As a public service announcement, I should warn you I've never written a western before (and probably never will again, considering how hard it was). My apologies in advance to my fellow writers. Hope I haven't messed things up too badly for you with this attempt. ;)

And now, picking up from Part 4 of Be Mine, Marshal...


      “Her name was Marigold,” Doc said. She struggled to recall the last name. “I can’t quite…Fisher! Marigold Fisher. Tragic situation. Just tragic. Her folks were killed by outlaws a while back.”
      “Here?” Fannie said, professing surprise. “In Cold Spring? When was this? I don’t remember hearing about any killings.”
      “They didn’t live in Cold Spring proper,” Doc said. “Had a farmstead, oh, ‘bout eight miles out, in the opposite direction from your granddad’s place, which is why you probably didn’t hear of it.”
      “What happened?” Daniel asked.
      “Well, let me see if I can recall the exact–”
      A tiny howl interrupted Doc Hartworth from the basket Daniel had brought inside and set at his feet. Once the first puppy started crying, all joined in, whining loudly.
      Ranger, who had come indoors with him, nosed the squirming, whimpering bundles of fur and then looked up at Daniel as if to say, aren’t you going to do anything about this?
      “When was the last time your Sophie nursed her pups?” Doc asked.
      “I don’t know, exactly,” Fannie said. “So much has happened. It would have to be before she was hurt, I think. Perhaps even before the fire?”
      “I’d say it’s about time then. Follow me,” Doc said. “Daniel? If you will?”
      The woman gestured at the puppies. Daniel answered his cue and hefted the basket to carry it where Miss Laurel-Anne directed.

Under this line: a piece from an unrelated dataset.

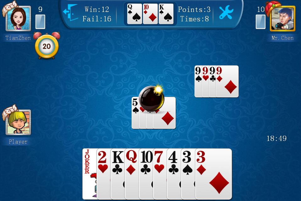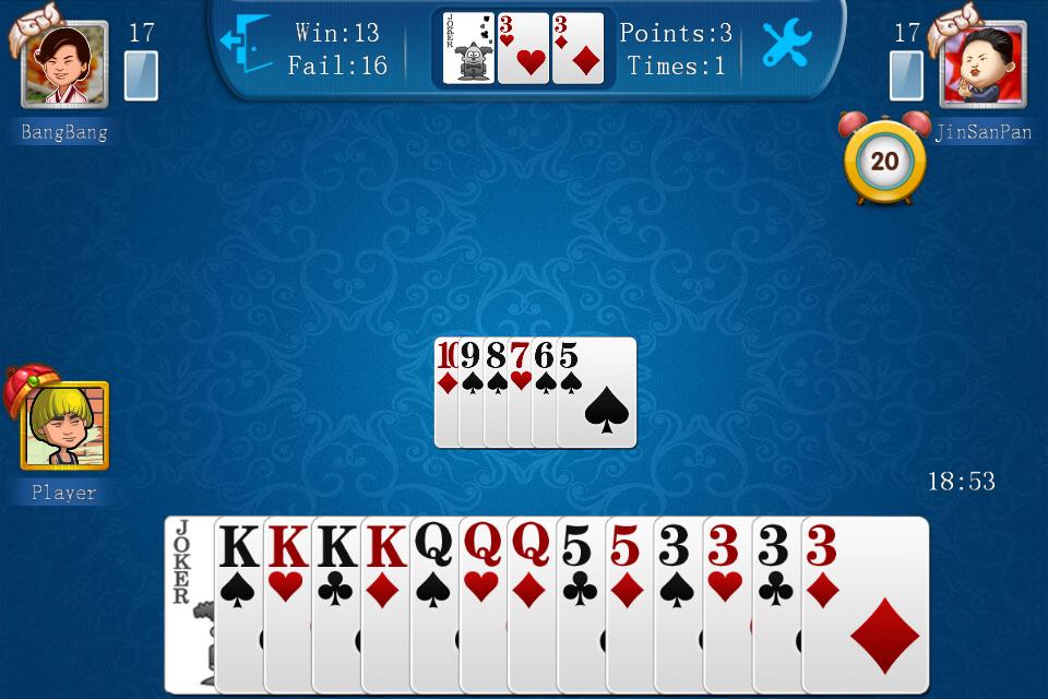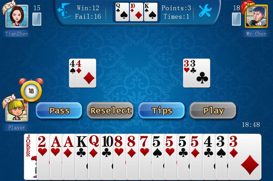 There are three kinds of risk stakes, 1, 2, and 3, with 1 being the lowest and 3 being the highest. Generally, the more confident a player is in the strength of one's cards, the higher the risk stakes one is willing to bid. In most of the online game rooms, the first bidder is chosen randomly by the system. In reality, players usually make up their own rules as to who gets to bid first. For example, some rules stipulate that the player who gets hearts three is the first bidder. If hearts three is in the "kitty" cards, the first bidder will be the one who gets hearts four and so on.

      “I’ve got Sophie laying on my Taffy’s bed next to the stove.”
      “Doesn’t Taffy mind that someone’s taken her bed?”
      “She would, if the old dear hadn’t passed on a month ago.”
      “Oh!” Fannie said. “I’m so sorry. I didn’t know. Please accept my condolences.”
      If Daniel thought it strange that Fannie treated Doc’s loss of a canine with the same gravity she would family, he didn’t show it. In fact, his green eyes softened in sympathy.
      Perhaps he understands how much the loss of companionship would devastate a woman of Doc’s age who has no husband or other relatives, Fannie thought.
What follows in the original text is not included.